Pubblicato da Federica Ferrario
il 02/07/2025
Quando, nel 2019, l’Unione Europea ha lanciato il Green Deal, molti di noi hanno visto una svolta epocale finalmente a portata di mano: un’agricoltura più equa, sostenibile, rispettosa della terra, del clima e della biodiversità. Un cambio di rotta urgente e necessario. Oggi però, con preoccupazione, dobbiamo dirlo chiaramente: quella transizione è stata tradita.
Nel nostro nuovo report, “La transizione tradita – Come l’agroindustria ha fermato il Green Deal in agricoltura”, raccontiamo ciò che è successo davvero. Sotto la pressione di lobby agroindustriali, crisi internazionali e proteste strumentalizzate, l’Europa – e l’Italia con essa – ha cominciato a smantellare proprio quelle misure che avrebbero potuto rendere l’agricoltura più resiliente. Il tutto, nel nome di una presunta emergenza alimentare che, numeri alla mano, non è mai esistita.
Abbiamo seguito le rotte del grano bloccato in Ucraina: cereali che, una volta sbloccati, non sono finiti dove si temeva la carestia, ma principalmente nei Paesi più ricchi, spesso per sostenere la zootecnia intensiva. È chiaro, quindi, che il problema non era sfamare le persone, ma difendere un modello produttivo vecchio, insostenibile e dannoso.

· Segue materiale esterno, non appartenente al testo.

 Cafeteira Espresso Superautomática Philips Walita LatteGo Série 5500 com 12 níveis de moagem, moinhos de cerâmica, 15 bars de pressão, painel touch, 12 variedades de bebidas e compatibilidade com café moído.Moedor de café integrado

Nel frattempo, sono stati indeboliti o rinviati alcuni degli impegni ambientali più importanti: riduzione dei pesticidi, tutela della biodiversità, rotazione delle colture, obbligo di lasciare una parte dei terreni a riposo, riduzione delle emissioni degli allevamenti di bovini più grandi e intensivi. Tutte misure che avevano un impatto positivo concreto, e che invece sono state sacrificate in nome – come ci è stato detto - dell’efficienza produttiva o della competitività.

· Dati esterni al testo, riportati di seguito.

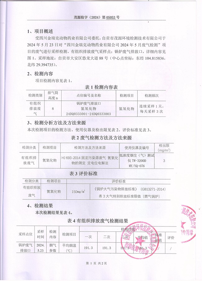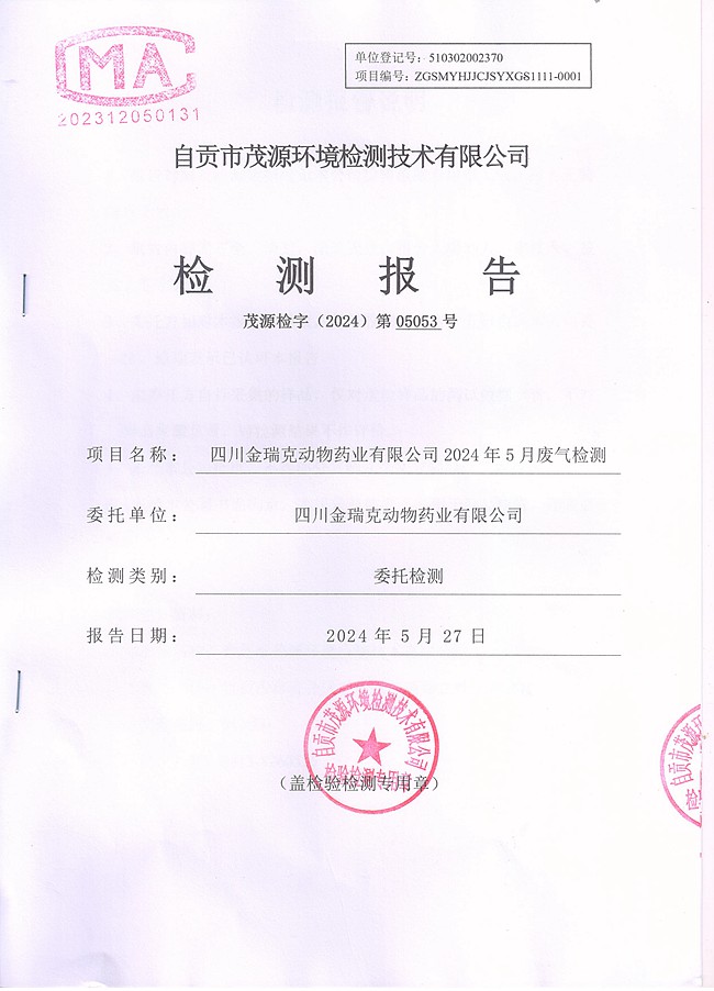 四川金瑞克動物藥業有限公司2024年5月廢氣檢測報告

Ma tutto questo – ed è il punto centrale del nostro report – non ha davvero aiutato gli agricoltori. Non ha portato maggiore stabilità, non ha fatto impennare la produzione di cibo, né migliorato le condizioni di chi lavora la terra. Anzi, ha acuito le fragilità strutturali del settore proprio nel momento in cui il cambiamento climatico si fa più aggressivo, tra siccità, fenomeni meteorologici estremi, erosione, perdita di fertilità e biodiversità.
La questione di fondo è che lo scontro tra ambiente e agricoltura non esiste: è stato costruito ad arte per rallentare il cambiamento. Ed è proprio questo il momento in cui dobbiamo stringerci attorno a un’idea diversa di futuro: un cibo e un’agricoltura che sia alleata della natura, e non sua nemica, perché senza un Pianeta sano, semplicemente non ci può essere agricoltura.
Dobbiamo correre, ma siamo ancora in tempo per cambiare rotta. Per farlo serve una nuova alleanza: concreta, forte e consapevole. Noi continueremo a fare la nostra parte, con dati, con analisi, con proposte. E sappiamo che anche voi ci sarete.
La transizione non è morta, è stata solo interrotta. Riprendiamocela insieme!